Speaking to analysts yesterday (30 November) after Carrefour admitted it would incur higher costs in Brazil than first thought, CEO Lars Olofsson said it was "hard to chase back [the] original accounting issues", which, he added had been accumulating for "possibly more than five years".

The company announced that following a series of audits, the company will record EUR550m in one-off charges from its Brazilian business, against the EUR180m previously estimated in mid-October when it first shaved its 2010 profit goal.

Carrefour CFO Pierre Bouchut said the EUR550m of charges included a EUR110m inventory write-down, EUR280m for provisions for potential labour and tax litigation, EUR35m in supplier rebates, EUR75m in asset depreciation, and EUR50m of other accounting adjustments, including supplier credit of EUR22m.

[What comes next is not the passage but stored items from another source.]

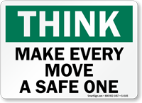 Think Safety Slogan Sign: Think Make Every Move A Safe One S-4145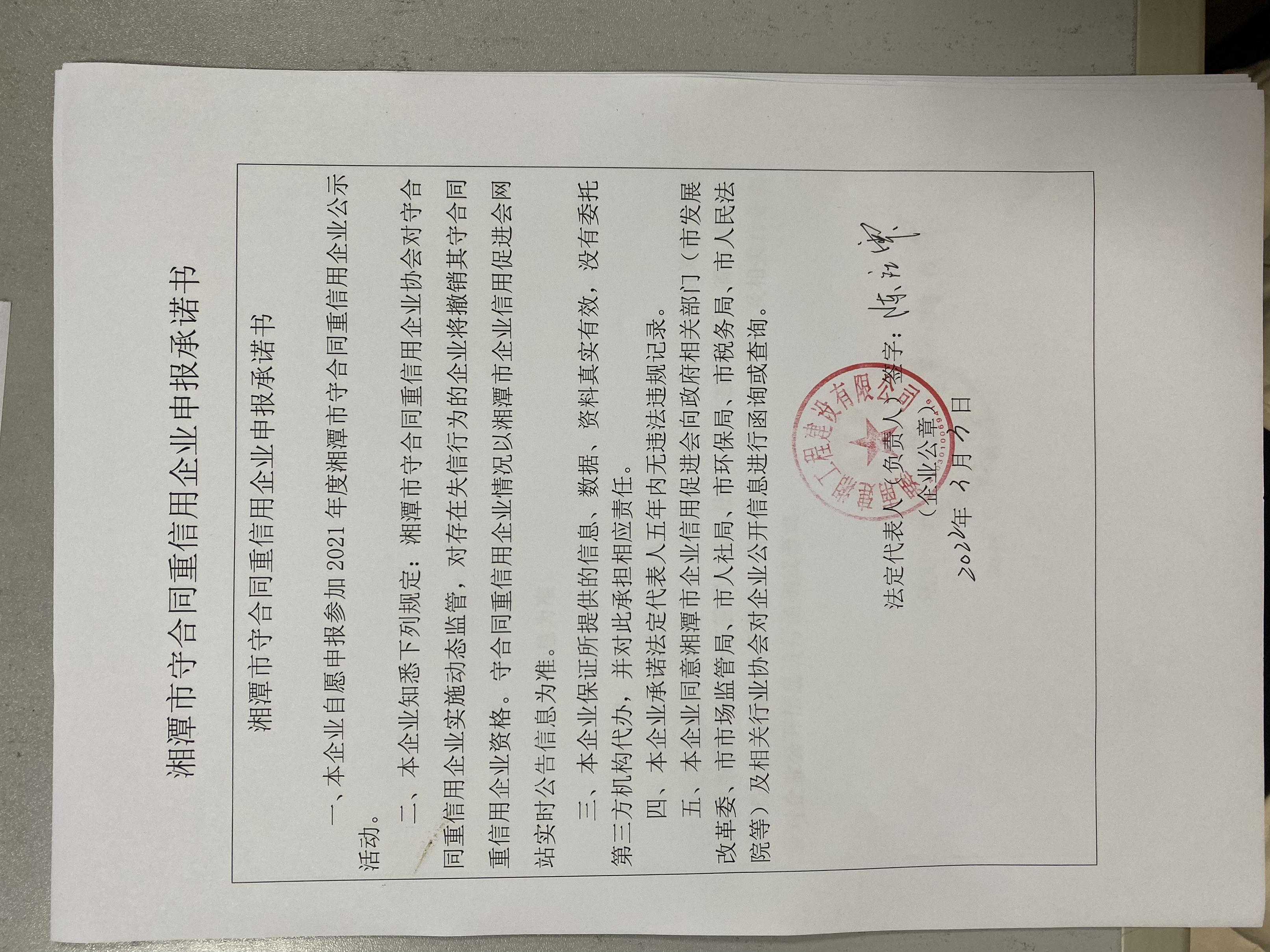 本企業根據《湘潭市守合同重信用企業申報規定》等編制 2021 年度企業信用報告書,并保證本報告書內容真實、準確、完整。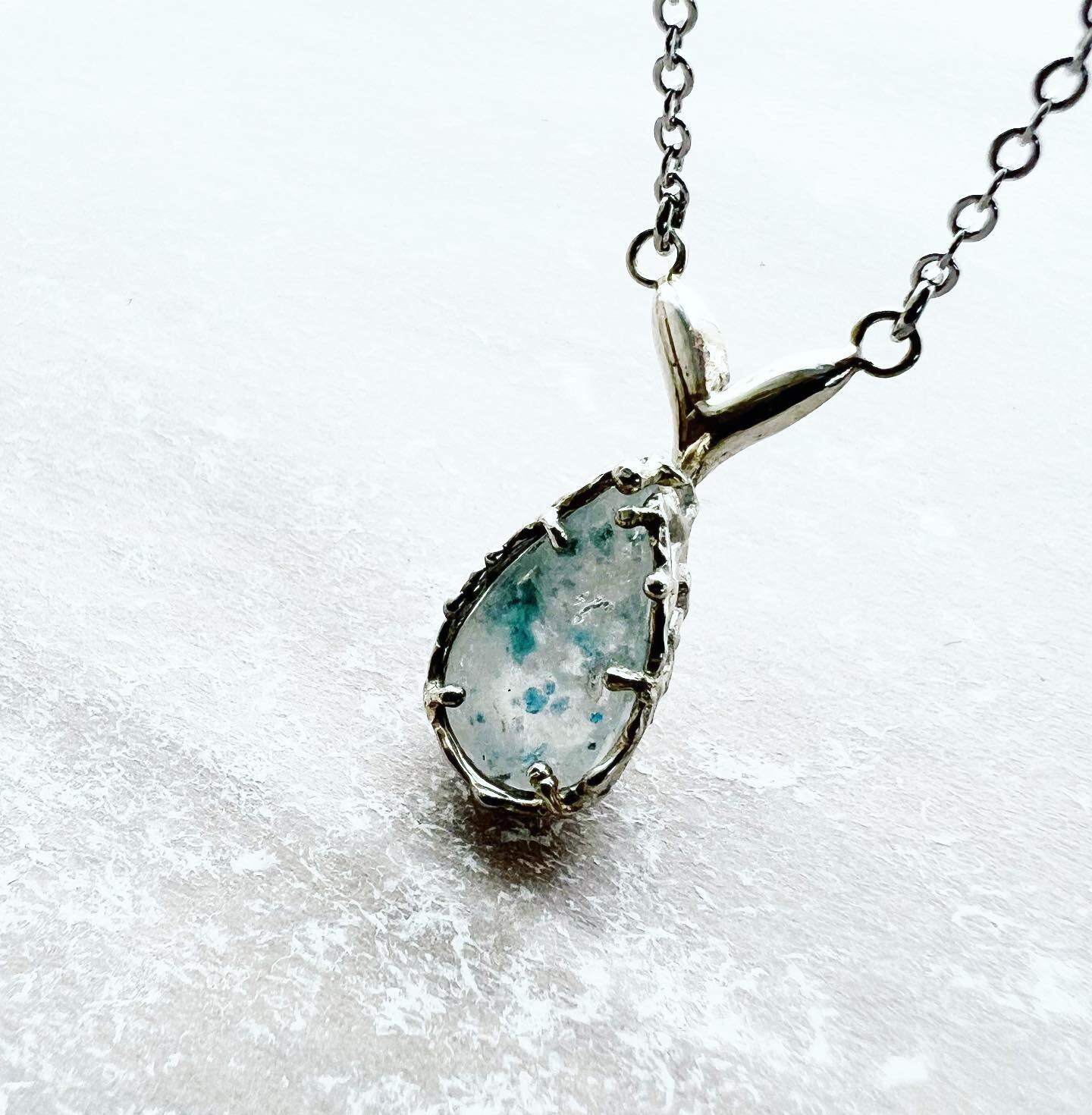 水晶の中でキラキラと弾けるような青い水玉がとても可愛い天然石パライバクォーツ。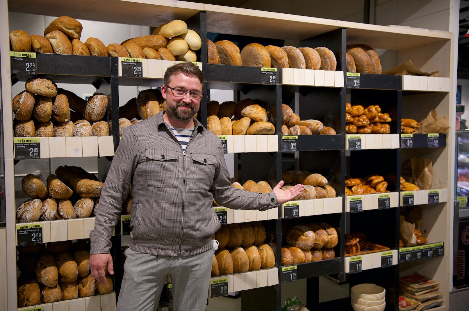 Tomu chlebu ale veľmi pridáva rozloženie supermarketu – že zákazník vidí, ako chlieb vyjde z pece priamo k zákazníkovi. Nikto iný toto nerobí na každej jednej prevádzke, sme jediní na svete.

The issues in Brazil have been a central factor behind the retailer cutting its operating profit target by EUR130m to EUR3bn for 2010.

Olofsson said there has been a "malfunction in management" and the company is determined to get to the bottom of the causes, and has launched a forensic investigation into issues.

While Olofsson said he "[saw] no reason to extrapolate these issues to other markets". The company has put in place a new management team in Brazil as well as improving internal accountability globally to prevent such issues happening again.

Olofsson said Carrefour has strengthened its core global finance function and will implement a new set of ethics rules from May next year as well as setting up a series of new rules around growth while beefing up its internal audit team.

The issues in Brazil were not the only driver behind the lower forecast. Carrefour cited a EUR50m charge relating to its discontinued Thai operations and a persistently challenging trading environment in Europe.

On the issues plaguing its European operations, Carrefour attributed the fall to the adverse economic environment in Greece, Italy and Spain. Describing slow or even negative sales growth in these markets, Olofsson said "food prices are coming down in Spain due to deflation" and that supermarkets and discount stores were performing better than its hypermarkets. He added that Carrefour has been able to "more or less" maintain profitability in the country due to cost-cutting measures.

Olofsson also highlighted the intensifying competitive landscape in Spain, saying that competition has heated up since September. According to Kantar Worldpanel data, Carrefour has lost market share in Spain but Olofsson said the losses were down due to its competitors opening more space.

However, he added that when taken on a like-for-like basis using Nielsen data, Carrefour's market share in Spain had actually improved.

Shares in the company are down 6.8% at 15:22 CET to EUR32.47.